*Exercise description*.
Take the entries that follow and return only the lines from the one with "Die Protagonisten des" through the final line, leaving every picture behind.

*Data entries*.
----------

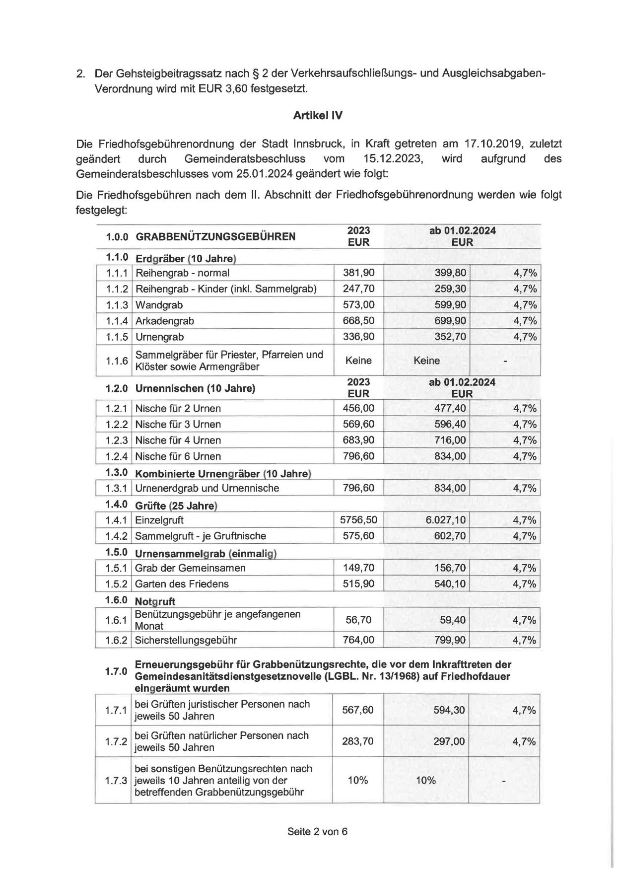 Die Friedhofsgebührenordnung der Stadt Innsbruck, in Kraft getreten am 17.10.2019, zuletzt
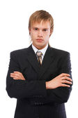 Młody mężczyzna w czarnym garniturze, białej koszuli i krawacie motyl na białym tle
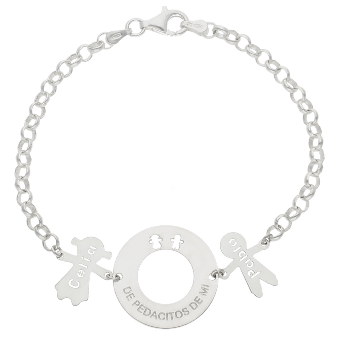 Pulsera «DE PEDACITOS DE MI» en Plata de Ley 925mm con motivo redondo con grabado + motivos niños y niñas con nombre personalizado. Terminación en brillo. Medidas de cada motivo: 14x15mm. Medidas del motivo circular: 22mm.
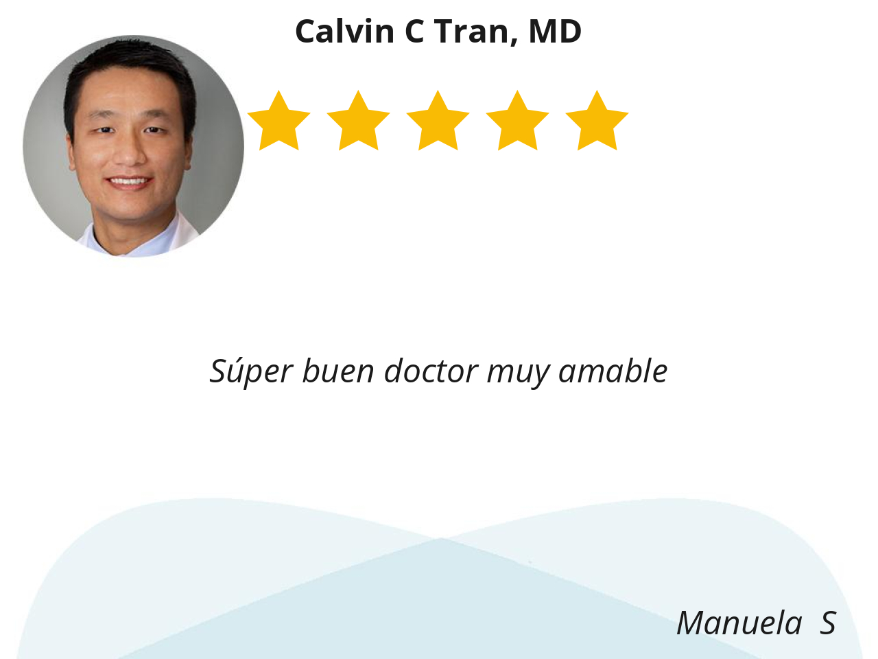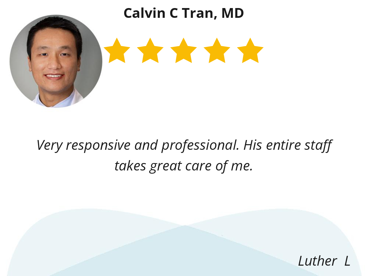 I like Dr. Calvin Tran because he cares about his patients and he’s very professional.
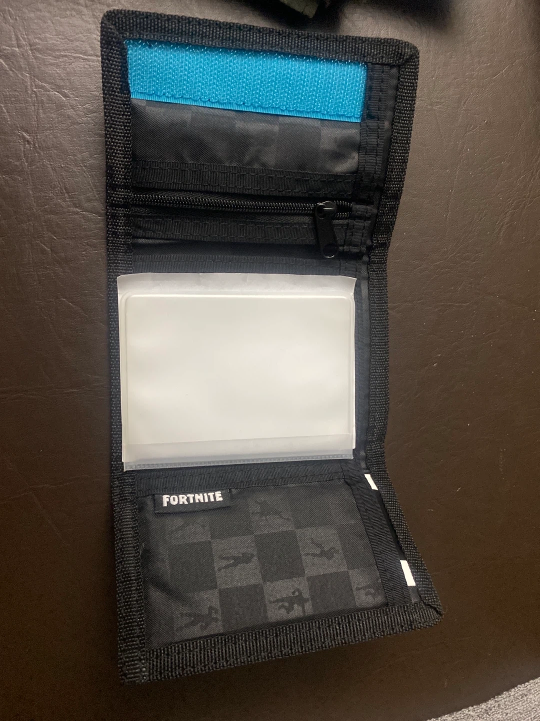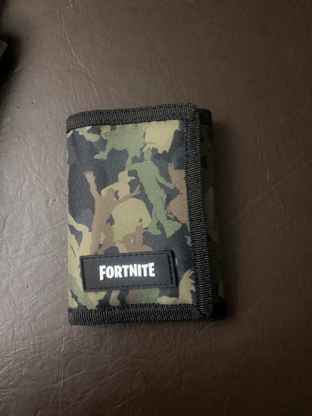 This is a Fortnite trifold wallet with a camouflage design. It includes multiple card slots and a zippered coin pocket. Great for kids who love the game!
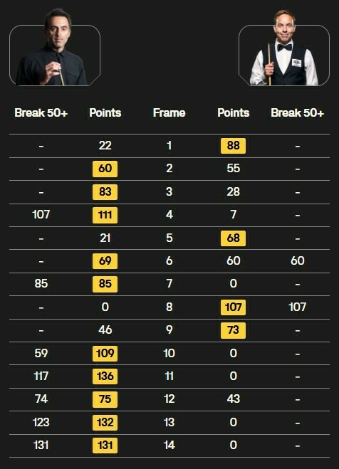 Ронні О'Салліван (Англія) – Алі Картер (Англія) – 10:4
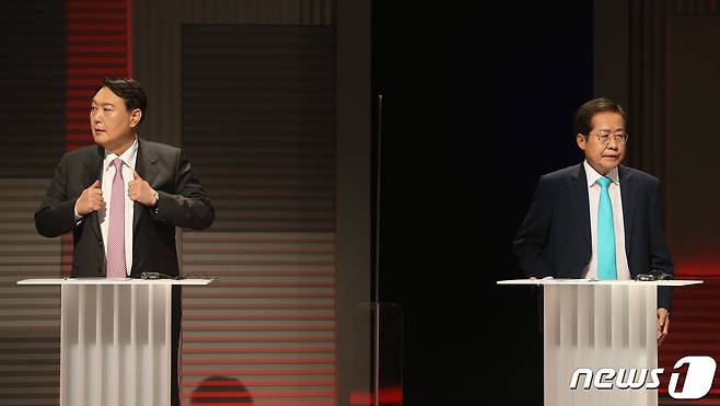(서울=뉴스1) 국회사진취재단 = 국민의힘 윤석열 대선 예비후보와 홍준표 예비후보가 28일 오후 서울 마포구 MBC 신사옥에서 열린 '100분 토론' 생방송에 앞서 준비를 하고 있다. 2021.9.28/뉴스1
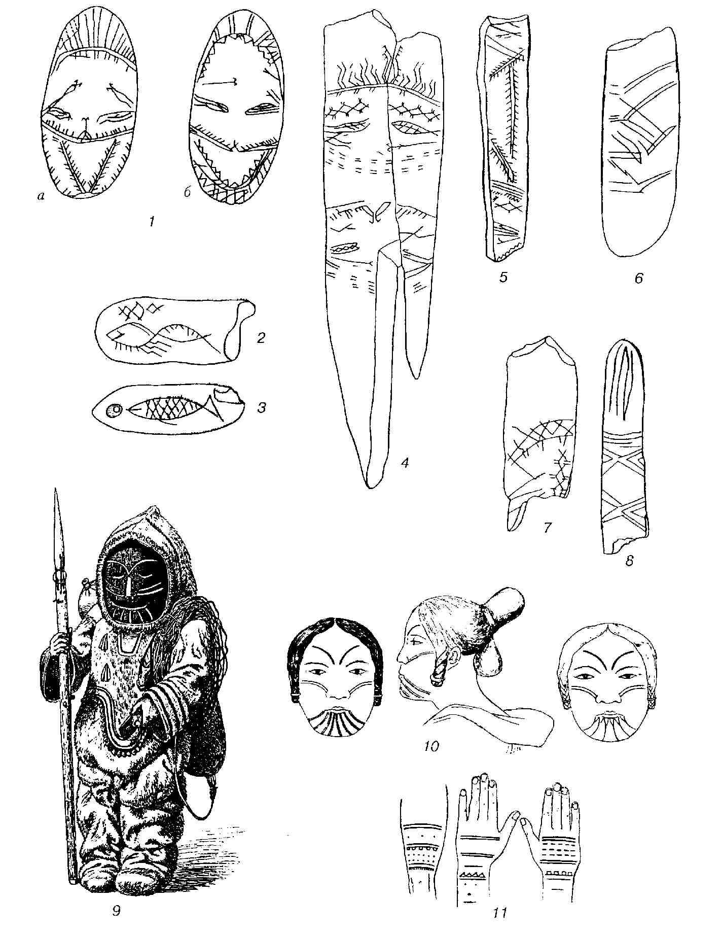 – гравировальные гальки с Ангары; 9 – эскимосская маска, 10-11 – татуировка.
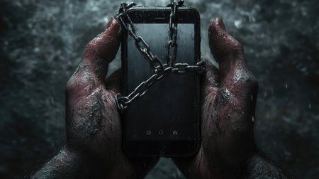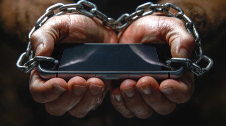 This striking image features a pair of hands grasping a smartphone that is tightly bound in chains. The dark and moody atmosphere creates a sense of isolation and struggle, symbolizing the tension between technology and personal freedom.
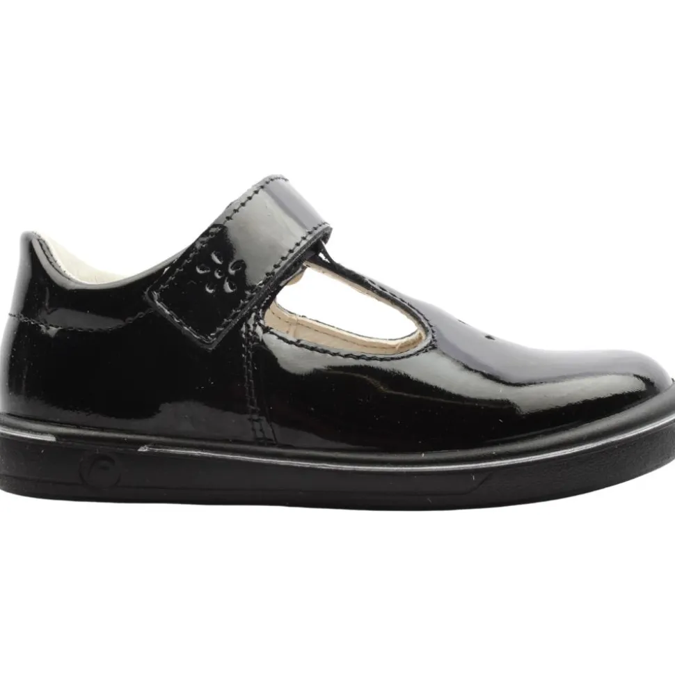 Little girlsT-Bar shoes by Ricosta Pepino Shoes. A lightweight and flexible shoe which has a soft black paent leather upper with punched hole floral detail. This shoe has a T-bar closure with velcro strap for extra support . Removable leather insole with a fitting guide around the toe area. Suitable as first shoes.
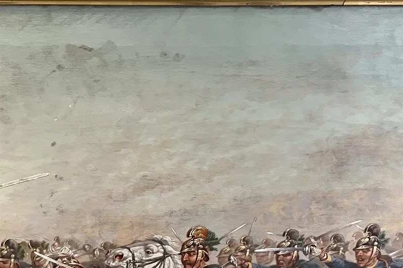 Die Protagonisten des Bildes sind umrahmt von kämpfendem Getümmel, Gefallenen und vorpreschenden Soldaten.
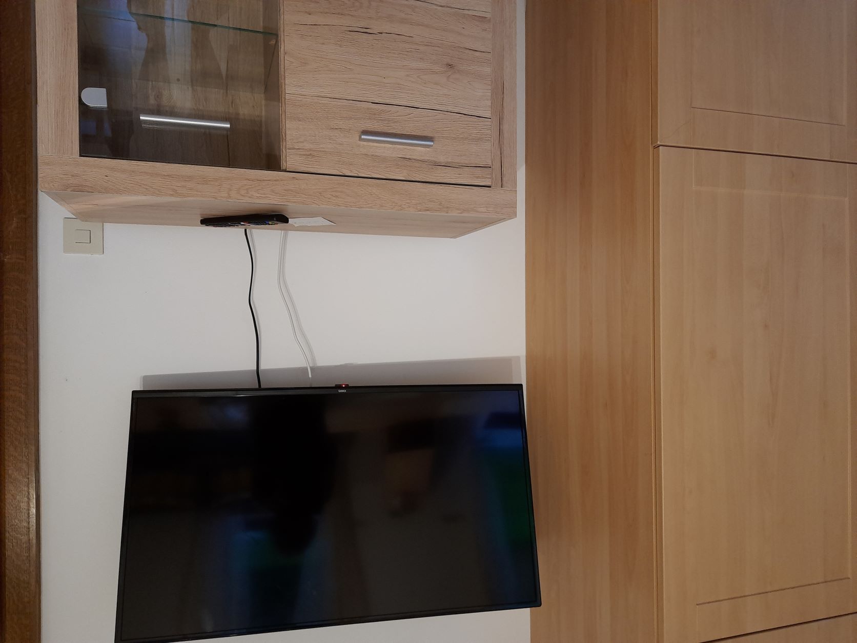 Der Wohnbereich verfügt über eine große Couch (Schlafsofa), Tisch und Board, hat Sat-TV und W-LAN Gastzugang, großer Flachbildschirm.

----------

*Result for this exercise*.
 Die Protagonisten des Bildes sind umrahmt von kämpfendem Getümmel, Gefallenen und vorpreschenden Soldaten.
 Der Wohnbereich verfügt über eine große Couch (Schlafsofa), Tisch und Board, hat Sat-TV und W-LAN Gastzugang, großer Flachbildschirm.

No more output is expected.